Whim. Wham. Funga.

I actually have no idea what to say about Gene Colan.  Clifford Meth knows what to say;  you should go read him.  Go read him, and thank him.

But me?  I’ve been trying to write something about Gene Colan since he died, and I’m still no closer than I was when I started.  Here’s a person who had nothing less than a formative effect on me, whose imagination and skill became part of the way I see things.  Thrilling, absolutely unique visions;  things I return to again and again, when I need their refreshment.  I don’t even know why I need them.  I mean, I know why they are good

But I don’t know why I need them.  Everything I could possibly say about Gene Colan has been said already, by people with far greater claims on that saying than I’ll ever have, and I don’t like doing obituaries or eulogies on this blog anyway, and yet…there is the stuff I don’t know, you see.  The stuff I don’t know about it.  I don’t actually know how to eulogize him, when all I ever knew of him was in the pictures that he drew.  And I’m not exactly going to run out of opportunities to have this problem, am I?

Every day we are passing through history, and every day it’s later than we think.  I suppose the Gene Colan books I remember the most now are the ones where Dr.
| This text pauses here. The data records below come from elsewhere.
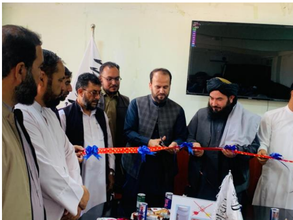
Figure 1 Kapisa MNP NFI Campaign Ceremony

The Community-Based Nutrition Program (CBNP), funded by UNICEF and implemented by ORCD in Kapisa, started in 2023-18-sep to 2024-18-sep and continued into 2024. This project is being implemented in all districts of Kabul. According to the project's contract and framework, ORCD implemented the CBNP program in 400 health posts, so we will have CBNP Follow up in all HPs in all districts of Kapisa, last year we had MIYCN training for health staff from Difference Parts and Health Facilities of Kapisa.
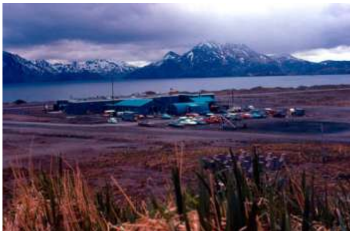
Naval Facility Adak
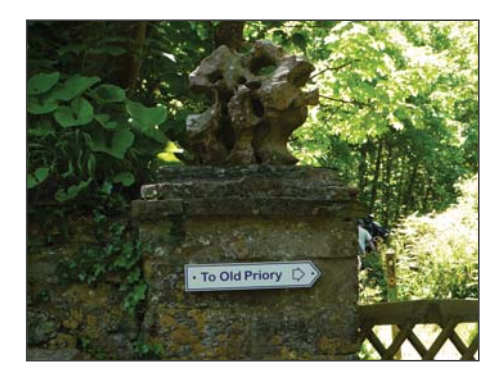
The path to the Old Priory

Turn into a courtyard on the left and then through an archway to reach the entrance to St Illtyd's Church.
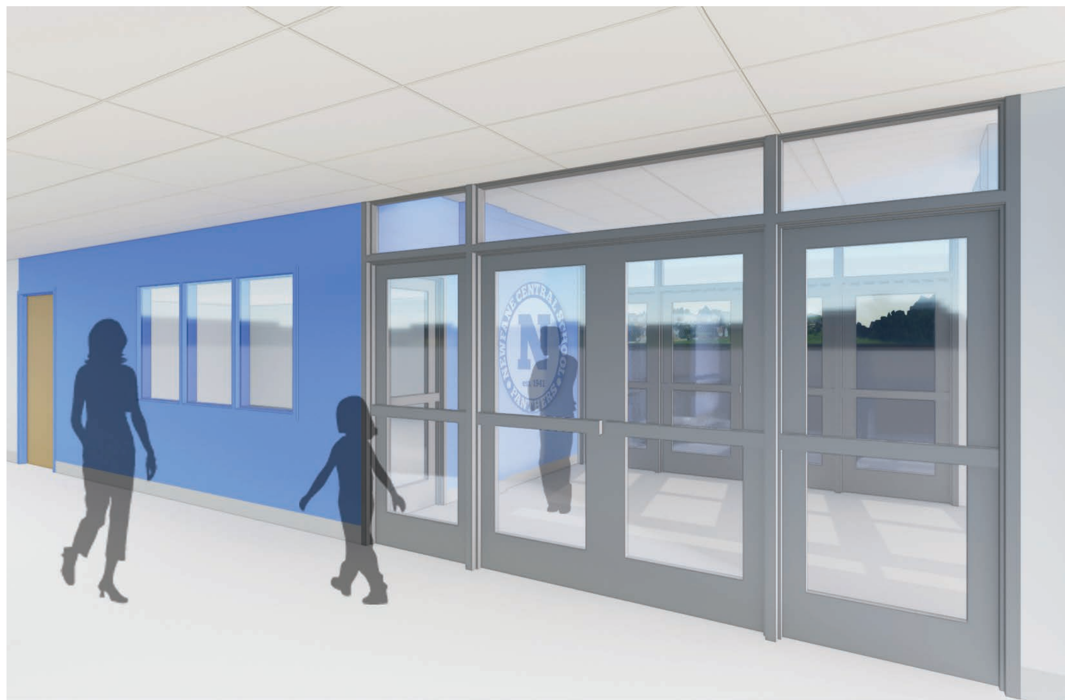
MULTI-LAYERED SECURE BUILDING ENTRANCE

In addition to reconfiguring the main entrance to route all visitors through the Main Office, "hardening" the foyer, and replacing the hardware on all the classroom doors with quick locking mechanisms, Newfane Elementary will see their student restrooms refurbished and brought into compliance with ADA requirements. Completing the roof replacement along with repaving the parking lot, bus loop and upgrading the outdoor lighting will be the other focus areas at the elementary.
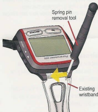
Spring pin removal tool
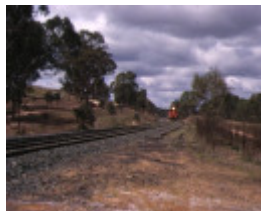
1 ravenwood railway siding view of lines 1994
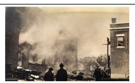
Fire at the Herald's Hilliard St. building, November 18, 1922. [Webmaster's note February 2016: Fixed up, the building became the home of Able Coil. It is still there, on the south side of Hilliard St. near the intersection with Main St.]

During Scripps League's ownership, the Herald was further modernized with the introduction of a computerized editorial system. The Herald was voted New England's Newspaper of the Year by the New England Newspaper Association in 1990.

Strange fights the Devil, and where Howard The Duck goes quietly mad on the bus.  These are really deep and soulful things, to me — bottomless as any Hippocrene, art that loses nothing in reproduction except distance.  I used to stare at these ones for hours, absorbed in their texture.  I could still stare at them that way.
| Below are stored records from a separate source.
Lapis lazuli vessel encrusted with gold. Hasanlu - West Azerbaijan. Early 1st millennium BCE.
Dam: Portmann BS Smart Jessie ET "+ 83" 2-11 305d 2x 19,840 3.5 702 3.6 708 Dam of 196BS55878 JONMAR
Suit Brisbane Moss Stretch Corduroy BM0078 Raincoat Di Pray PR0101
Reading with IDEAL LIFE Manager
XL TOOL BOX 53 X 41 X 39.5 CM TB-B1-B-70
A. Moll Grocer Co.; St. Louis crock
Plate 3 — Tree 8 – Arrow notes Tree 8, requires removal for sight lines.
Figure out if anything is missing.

What in the hell are we going to do, without all these old guys?

How in the hell do I imagine I’m going to be able to avoid eulogies?

I didn’t know Gene Colan, nor do I know how to explain how he delighted my youth.  He did it, though.  I  don’t quite know what to say about it.  It may be quite some time, before I know what to say.

God bless the fellow.


7 responses to “Whim. Wham. Funga.

  1. We’re losing more and more of the Silent generation as time goes on, and we’ll miss them. (Colan, born in ’26, was an early-wave Silent.) Look at Donald Westlake, for another example… what are we going to do without him? Lots of these guys, it’s inconceivable that they might leave us some day, and yet of course they will. And then what?

  2. Gene was good on Howard the Duck, it’s true, but in some ways he wasn’t strictly necessary. Howard was Gerber and Gerber was Howard. But Colan’s work on Tomb of Dracula was just stunning. I’d happily read through a thousand pages of nonsense about stakes and garlic if it meant getting to ogle his pencils. There are few technically better artists (Neal Adams was one back then), but I do believe Colan was my favourite artist of all.